Только пираты, составлявшие часть того отряда, каким Нунгал командовал обычно во время своих набегов, сохранили некоторую дисциплину.

Именно им была доверена охрана Харруша.

Тонкая веревка, крепко стянувшая запястья гебра, спускалась вдоль его тела и обвивала ступни, делая таким образом невозможным для пленника какое-либо движение.

Его уложили на небольшом возвышении, чтобы те, кому было поручено следить за ним, ни на минуту не теряли его из вида.

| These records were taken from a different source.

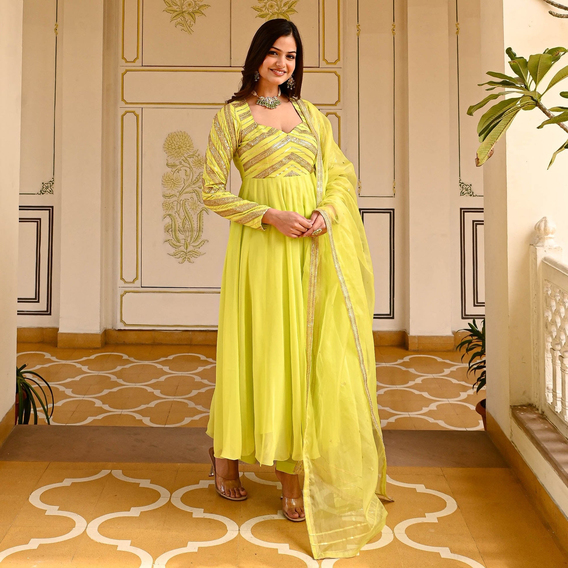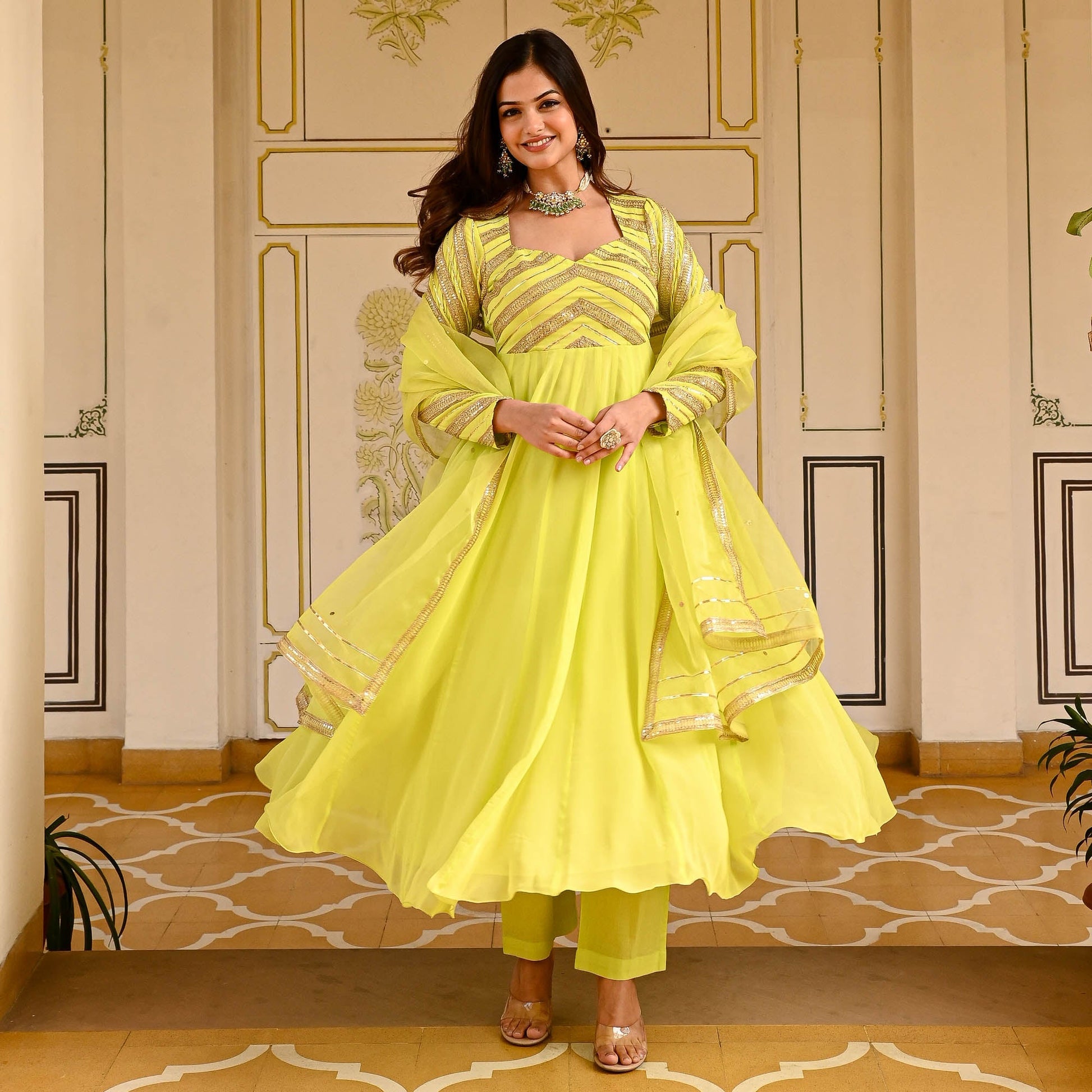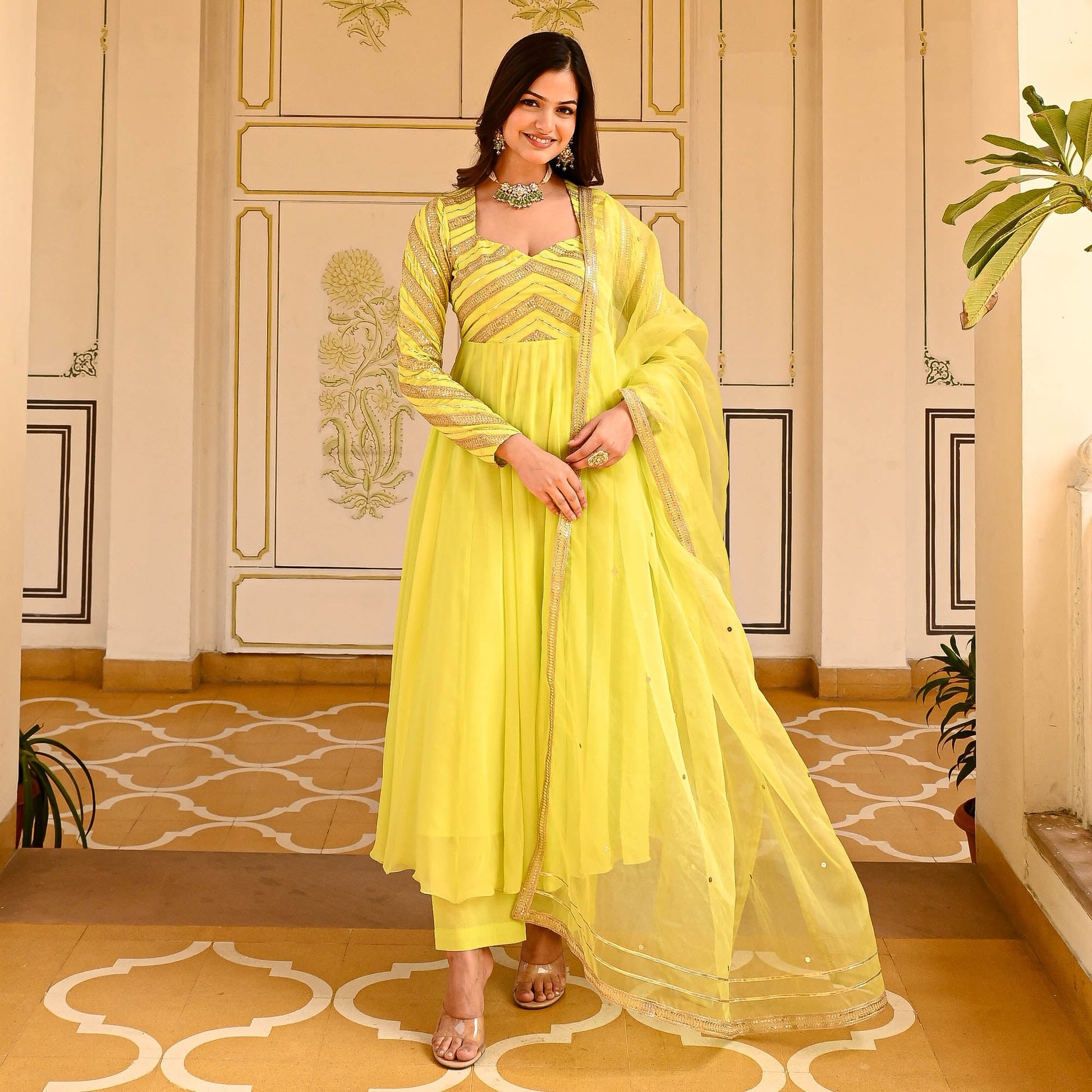 The Jeevika Suit Set is a luxurious ensemble crafted from soft georgette fabric in a radiant lime yellow. It features a fully embroidered yoke and full sleeves, complementing the elegant pentagon neckline. The flared silhouette adds graceful movement while matching pants and an organza dupatta adorned with gota lace complete this exquisite look, perfect for any festive occasion.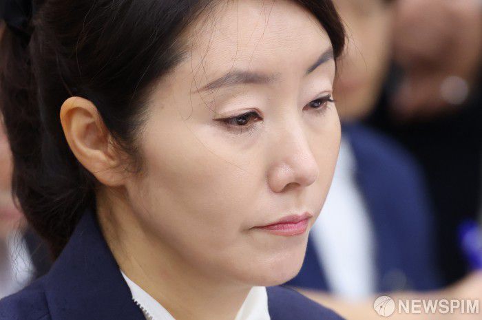 [서울=뉴스핌] 정일구 기자 = 강선우 여성가족부 장관 후보자가 14일 오전 서울 여의도 국회 여성가족위원회에서 열린 인사청문회에서 생각에 잠겨 있다. 2025.07.14 mironj19@newspim.com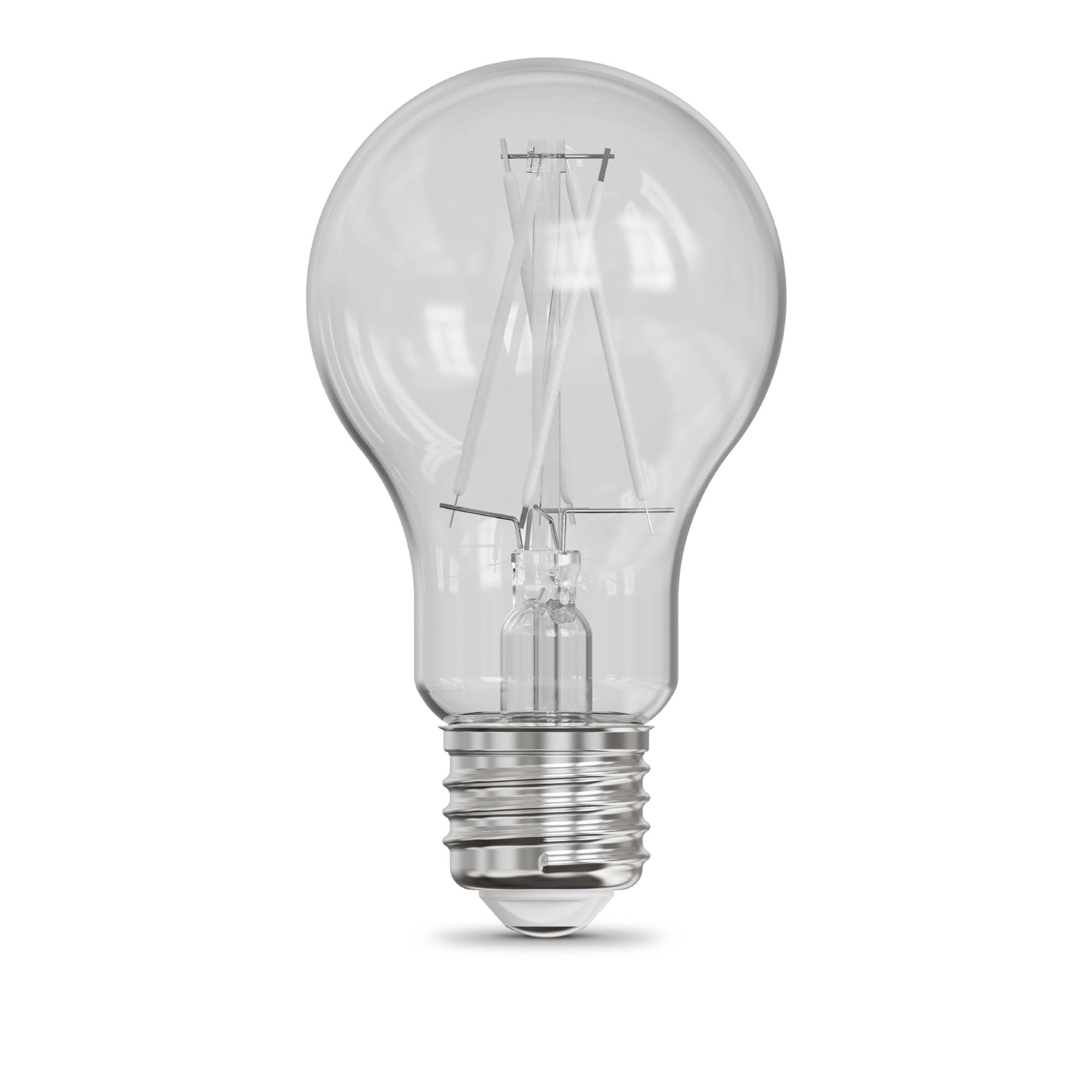 A new look for decorative lighting, these clear glass LED bulbs with exposed white filament enhance any room. Their discreet, white-colored core complements any décor style, unlike yellow filaments that tend to stand out and distract. Timeless clear glass and traditional shape give a nod to classic design. Select from household A19 bulbs, chandelier bulbs, globe shapes, and more.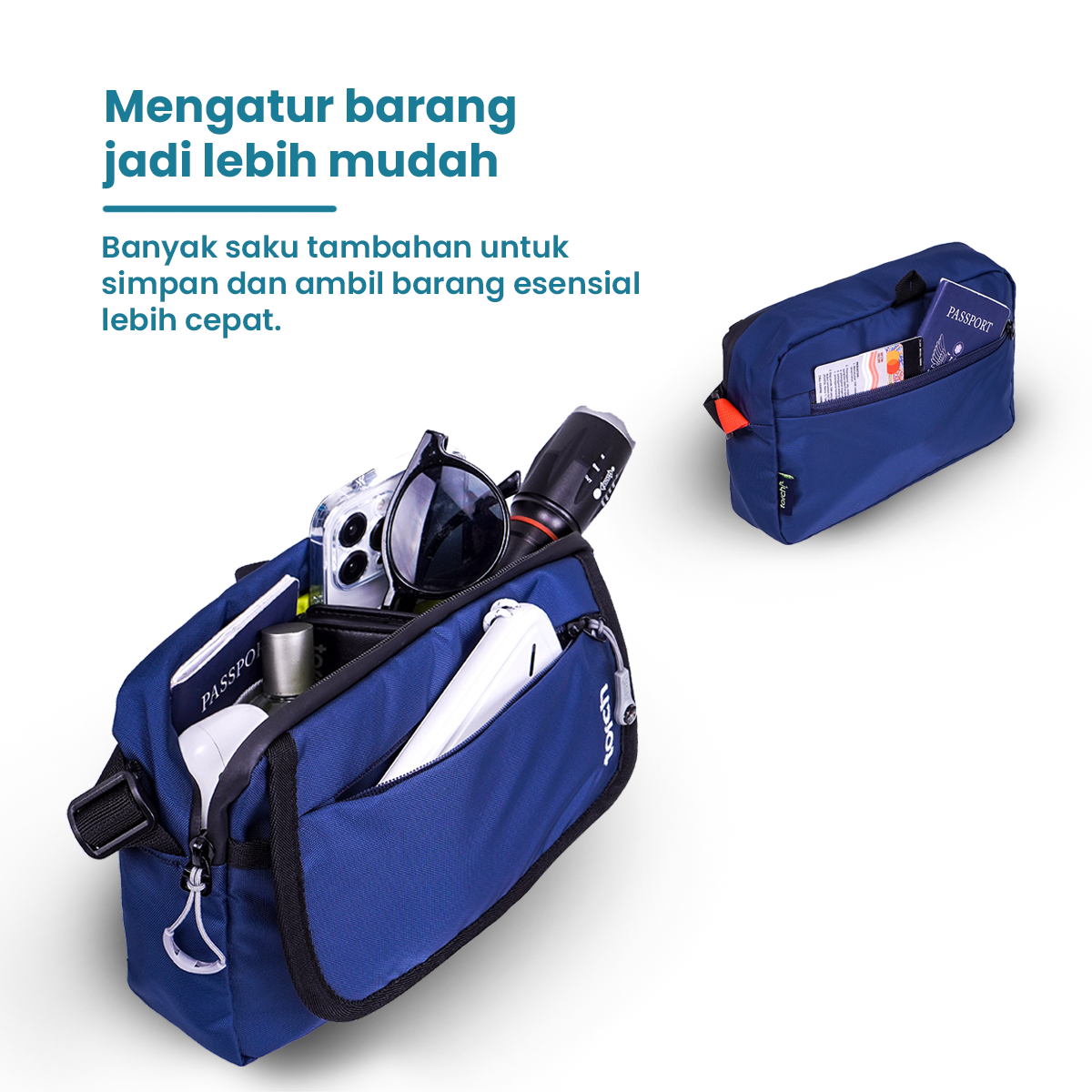 Meskipun tertutupi oleh velcro, tapi bagian saku depan bisa memuat banyak barang-barang yang kamu perlukan seperti tissue pack, kunci kendaraan, ataupun sticky notes.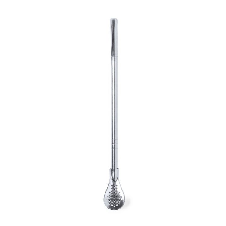 Agitateur pratique avec paille en acier inox. Avec un design élégant et fonctionnel, cet accessoire est essentiel pour les boissons chaudes ou froides. Paille intégrée qui permet d'absorber facilement et à l'extrémité inférieure une cuillère-mesure pratique avec filtre. Présenté dans un sachet individuel. (couleur argent)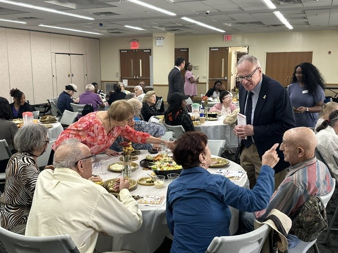 ASSEMBLYMAN JEFFREY DINOWITZ (right, standing) and Councilman Eric Dinowitz (background left, standing) join attendees and other officials from Selfhelp Community Services which hosted its latest “Coffee House” event for Holocaust survivors at the Hebrew Institute of Riverdale on Thursday, Sept. 18, 2025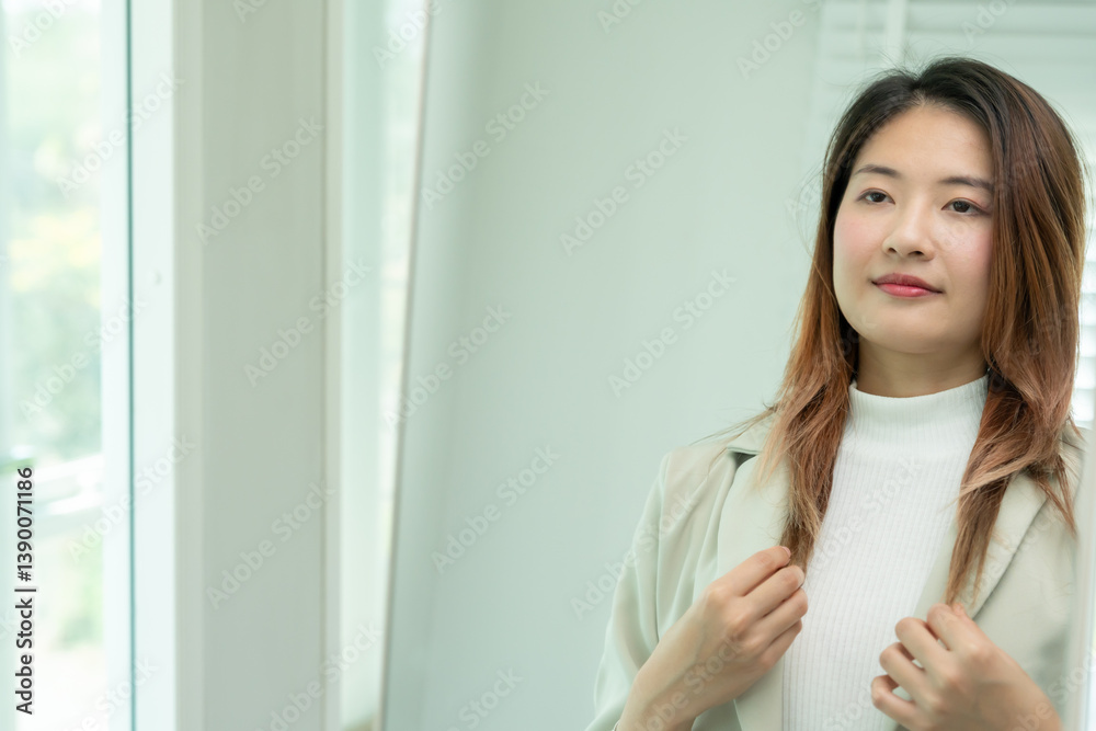 Beautiful woman preparing before job interview, building confidence, job applicants resume to position vacancies, find human. Human resource, letters, competence, new graduate, looking for work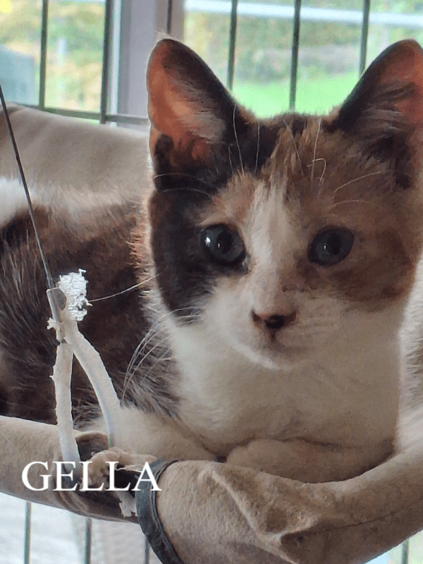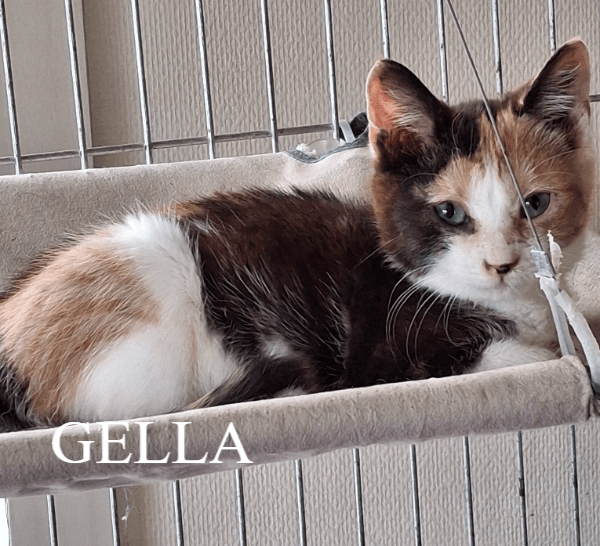 Gella had nog niet veel geluk in haar prille leventje. Gedumpt of achtergelaten door de mamapoes op een leeftijd van 5 weken, is ze uitgehongerd en ziek gevonden en bij ons binnengekomen. Na een hele periode van tender loving care, de nodige opvolging en medicatie, is deze lieve meid helemaal klaar om naar een liefdevolle, zorgzame super thuis te vertrekken.

Вокруг песчаного холмика теснились многочисленные группы людей; веселье здесь было менее шумным, чем в остальной части лагеря; малайцы в этих группах были лучше одеты и лучше вооружены, чем их товарищи; одни из них молча жевали свой бетель, другие точили оружие, которым собирались воспользоваться на следующий день; десять-двенадцать разбойников сидели кружком около музыкантов, один из которых пел, а второй аккомпанировал ему на флейте; большинство же в несколько рядов, возвышаясь друг над другом, окружили рассказчика: они слушали одну из тех сказок, что так милы восточному воображению; но ни один из них не нарушил приказа Нунгала, считавшего своим долгом запретить своим людям употребление опиума и алкогольных напитков при серьезных обстоятельствах, в каких они находились сейчас.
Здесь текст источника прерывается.